• What is needed:
Retype, exactly as they stand, the lines from the start of the data to the line that contains "po godzinie 19", both ends included. Leave the pictures out.
Input Block Start
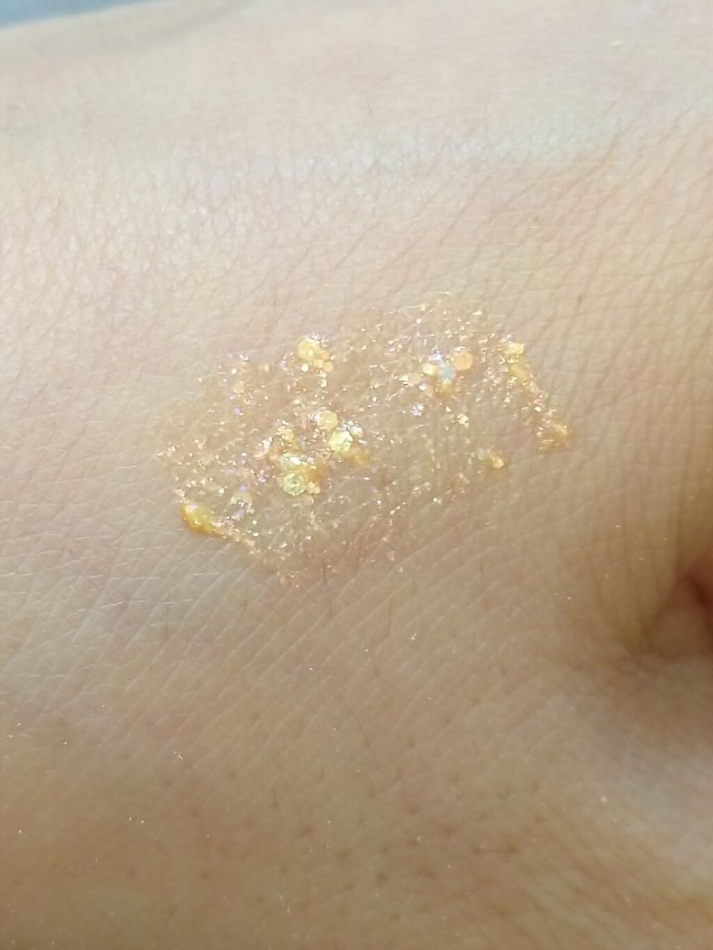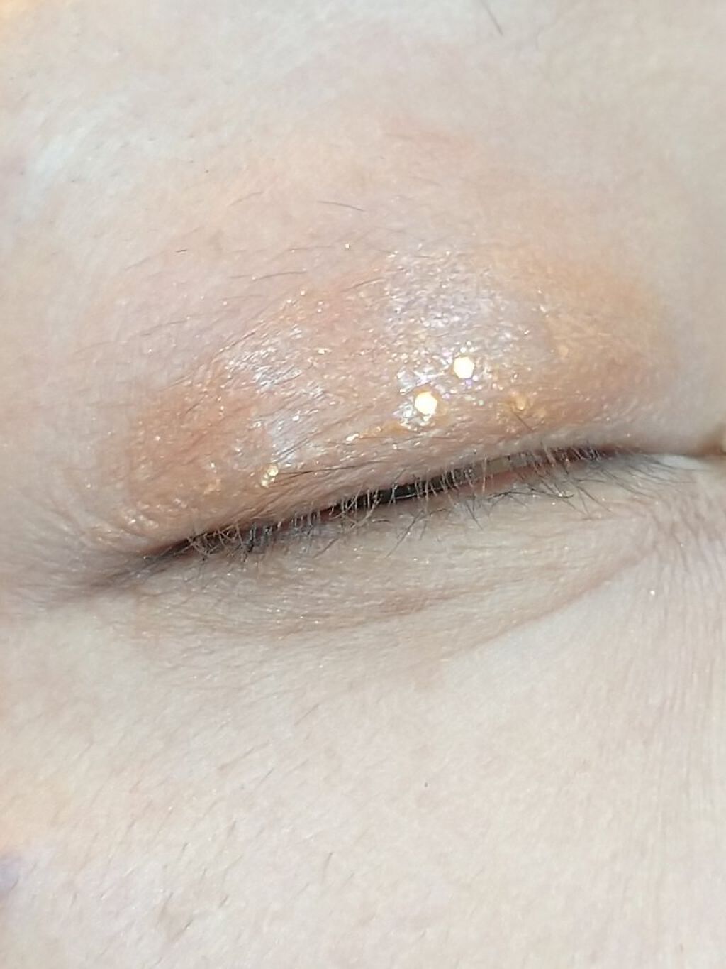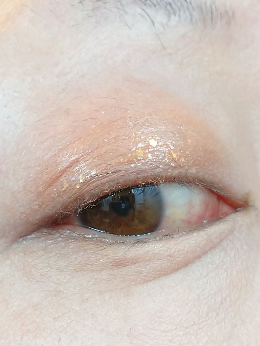 細かいラメと大きめのホログラムが混じっています꒰ˆ•ﻌ•ˆ꒱ 瞬きする度にキラキラしてかわいいです。 よく見ると色々なカラーのラメでてきていますがつけると自然ですฅʕ •ﻌ• ʔฅ
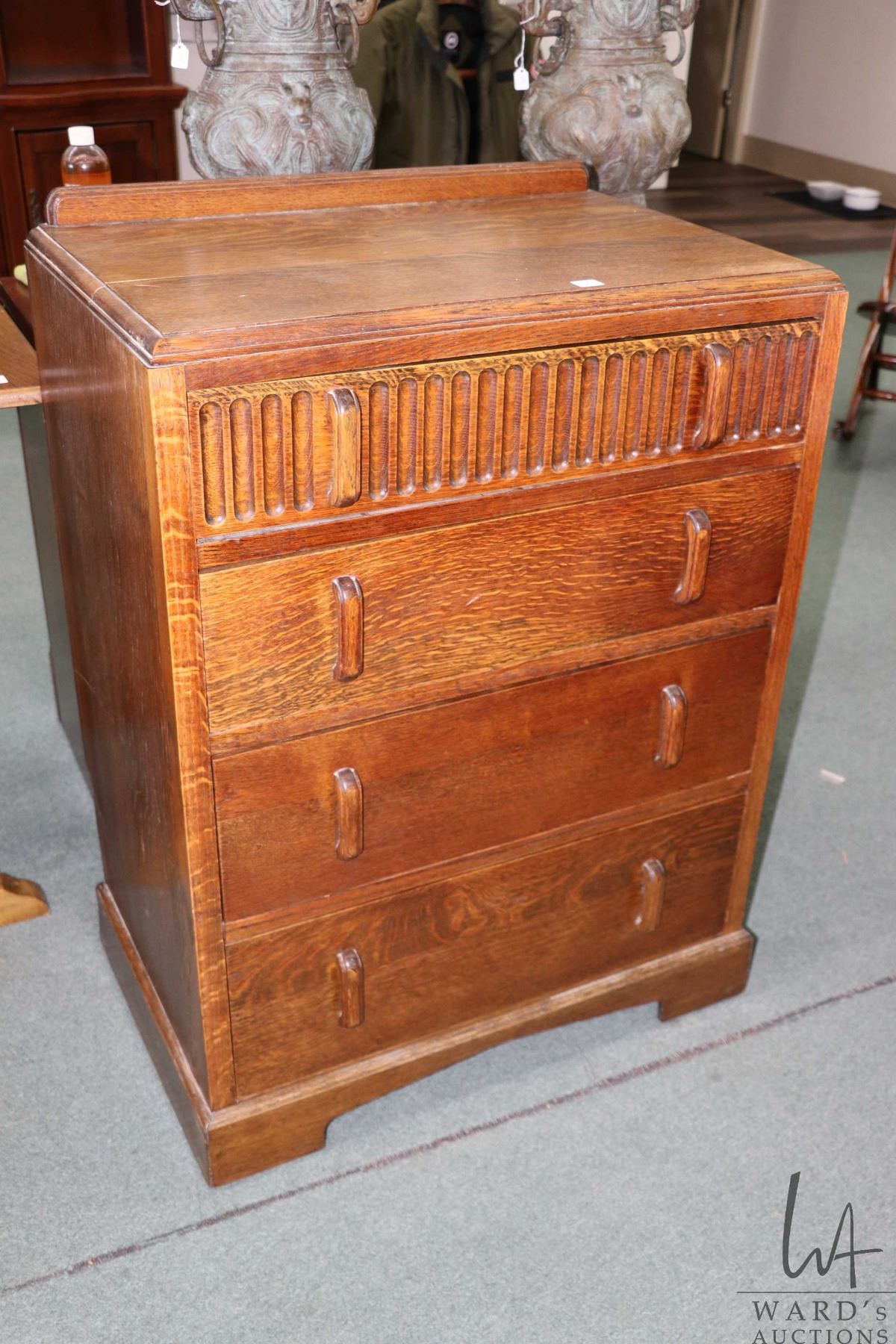 Lot 220 Antique English quarter cut oak, four drawer Tudor style lowboy with small backboard, 37"H X 27" X 1
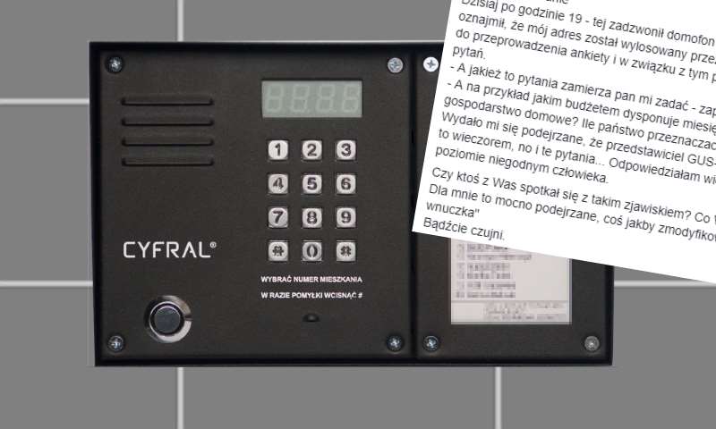 „Dzisiaj po godzinie 19 – tej zadzwonił domofon i pan bardzo miłym głosem oznajmił, że mój adres został wylosowany przez Główny Urząd Statystyczny do przeprowadzenia ankiety i w związku z tym pan chciałby mi zadać kilka pytań” – pisze internautka.
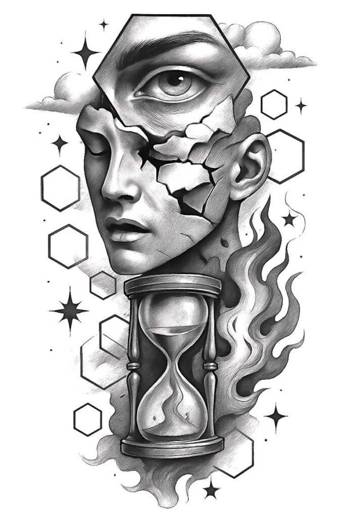 An AI-generated black and grey tattoo project presented as a bold exploration of time and fracture. The design centers on a fractured human face, its right side dissolving into shards while an hourglass anchors the lower portion, symbolizing the passage of time. On the forehead, an eye sits within a hexagonal frame, introducing a surreal juxtaposition that blends portrait realism with geometric abstraction. Surrounding wisps of flame and drifting clouds weave through a field of hexagons and scattered stars, creating a pattern-rich backdrop that enhances depth and rhythm. The shading uses a restrained black and grey palette, with meticulous cross-hatching, smooth gradients, and sharp line work to render the cheeks, jawline, and glass facets of the hourglass. The cracks across the face are bold and graphic, emphasizing themes of resilience, reconstruction, and the impermanence of memory. This composition plays with negative space to produce strong contrast, making the central motif pop while allowing for flexible sizing—from a small forearm piece to a larger back or sleeve. The geometric elements function as a cohesive pattern, but they never overwhelm the portrait, keeping the design legible over time on skin. As a tattoo design concept, it nods to fine-line technique and black and grey realism, while embracing pattern-driven geometry that suits a modern, bold look. If inked with patient shading and careful linework, it becomes a meaningful tattoo suited for cover-up, capable of masking older tattoos beneath the new illustration. Keywords such as tattoo, tattoo design, meaningful tattoos, fine line tattoo, black and grey, pattern, and cover-up echo throughout the narrative, ensuring the concept is discoverable to clients seeking a dramatic, time-themed body art piece.
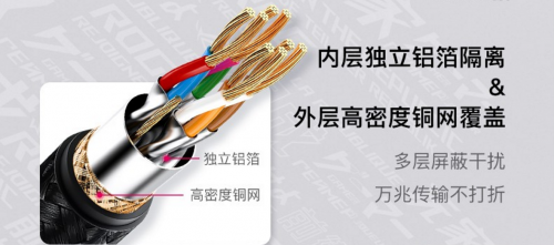 ROG ZOOM电竞网线,采用八股99.99%的无氧纯铜线芯,本身具备超低阻抗,保障高质量传输 ;内层独立铝箔隔离&外层高密度屏蔽层覆盖,内外多重屏蔽抗干扰,万兆疾速不打折;打造整体八芯双铰线,内外双修,拒绝延迟卡顿,让你在激战中处处先人一步。
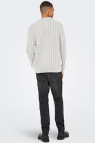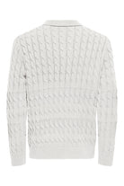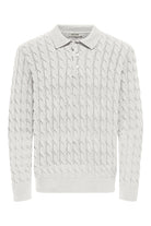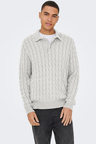 - The sweater features a knitted collar and 3 buttons at the top. It also has ribbing at the hem and sleeves
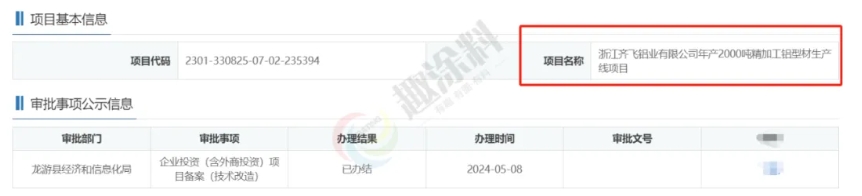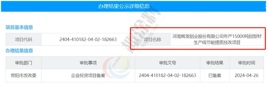 2024年4月26日,河南輝龍鋁業(yè)股份有限公司,年產(chǎn)15000噸鋁型材生產(chǎn)線節(jié)能提質(zhì)技改項目,在滎陽市發(fā)改委,進行企業(yè)投資項目備案。
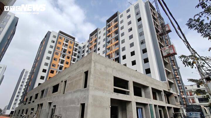 Nhà ở xã hội Tùng Bách vẫn đang trong giai đoạn hoàn thiện. (Ảnh chụp ngày 30/1/2026).
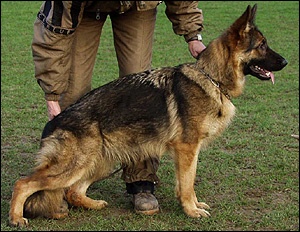 Körbericht: Eine mittelgroße, mittelkräftige, ausdrucksvolle Hündin mit sehr guter Oberlinie, normale Länge und Lage der Kruppe, korrekte Front, sehr gute Winkelung der Vor- und Hinterhand, bringt freie, raumgreifende Gänge. TSB ausgeprägt; läßt ab.
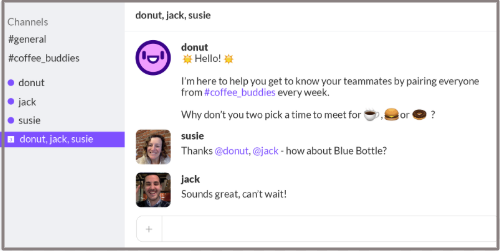 It’s challenging to know your team members while you are working remotely. But Donut slack app makes it easier for remote teams. For example, once a week, Donut will pair you with a random teammate, allowing you to introduce yourself for a coffee-chat to get to know each other.
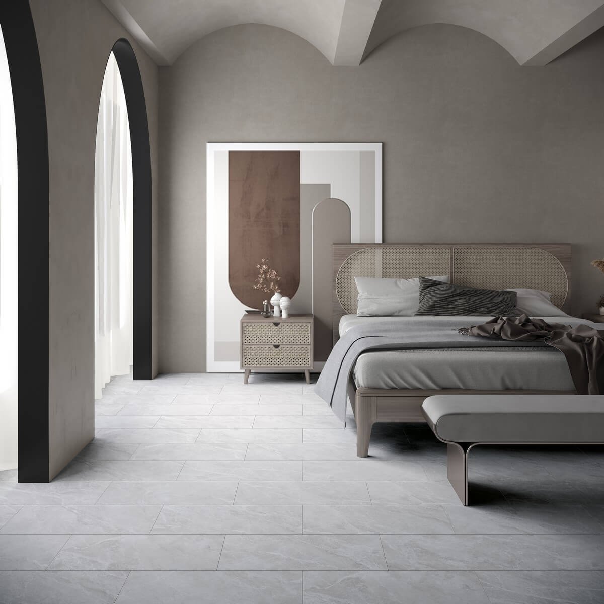 Las Palmas Light Grey Matt R9 Porcelain Tile 300x600mm brings a clean, modern stone look to interior spaces. The soft light grey tone works beautifully in bathrooms, kitchens, and living areas, creating a calm and versatile backdrop.
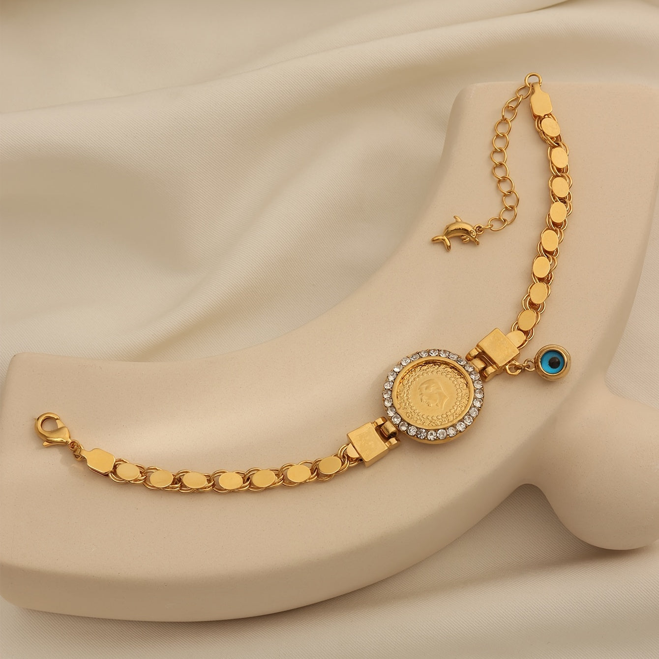 Zarif Vintage 24K oltin qoplamali mis zanjirli marjon, rhinestone pandant va yovuz ko'z charm bilan ayollar uchun, har kuni kiyish va sovg'a berish uchun mukammal - Bitta mahsulot
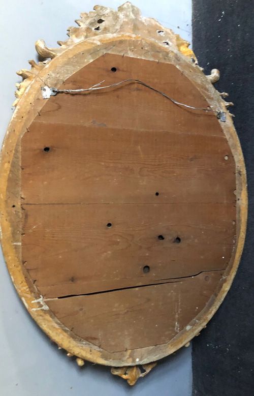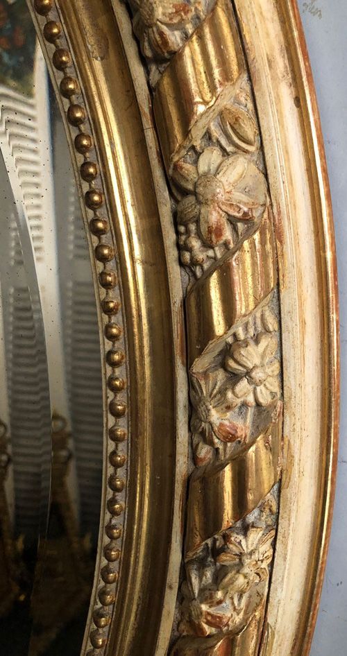Ref 8213 - Antique French Mirror - Large double crested Napoleon III antique oval mirror with gesso decoration to frame. Finished in cream polished gesso with gilt on red highlights. Original bevelled glass with faint manufacturing wipe marks to back of plate. Original pine board back. Circa 1890.
Input Block End
• Your response:
 細かいラメと大きめのホログラムが混じっています꒰ˆ•ﻌ•ˆ꒱ 瞬きする度にキラキラしてかわいいです。 よく見ると色々なカラーのラメでてきていますがつけると自然ですฅʕ •ﻌ• ʔฅ
 Lot 220 Antique English quarter cut oak, four drawer Tudor style lowboy with small backboard, 37"H X 27" X 1
 „Dzisiaj po godzinie 19 – tej zadzwonił domofon i pan bardzo miłym głosem oznajmił, że mój adres został wylosowany przez Główny Urząd Statystyczny do przeprowadzenia ankiety i w związku z tym pan chciałby mi zadać kilka pytań” – pisze internautka.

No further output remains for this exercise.